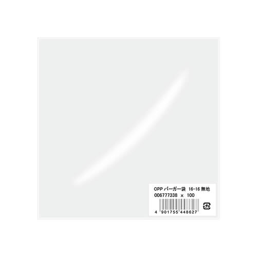 4辺のうち2辺が開くタイプのハンバーガー用の透明袋です。食品衛生法規格基準適合商品です。サイズは厚0.03×幅160×高160mmです。
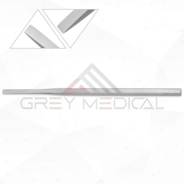 GreyMedical® Introducing the Sheehan Osteotome (16cm) is a surgical instrument used in plastic surgery and rhinoplasty procedures. Furthermore, it features a flat profile and is provided in 4 different widths. The Sheehan Osteotome is easy to clean and can be reused in clinical settings. Additionally, it is crafted from premium surgical-grade stainless steel, boasting a fine finish that ensures the highest possible quality.
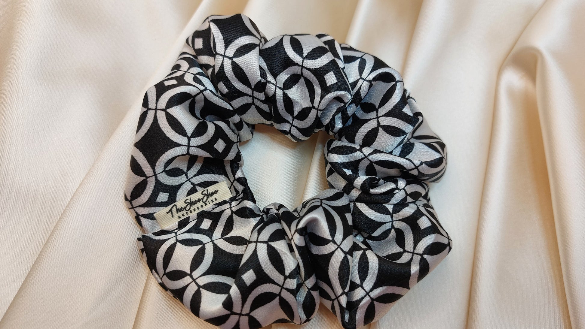 Black and White Geo ShooShoo Satin Scrunchie - Handgjord
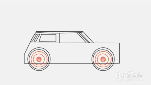 再在车轮内添画不同大小的圆,使车轮更形象。

Problem details: Beginning at the line that contains "Black and White", retype each line of the data above through the very last one. Do not retype the pictures.

Response below:
 Black and White Geo ShooShoo Satin Scrunchie - Handgjord
 再在车轮内添画不同大小的圆,使车轮更形象。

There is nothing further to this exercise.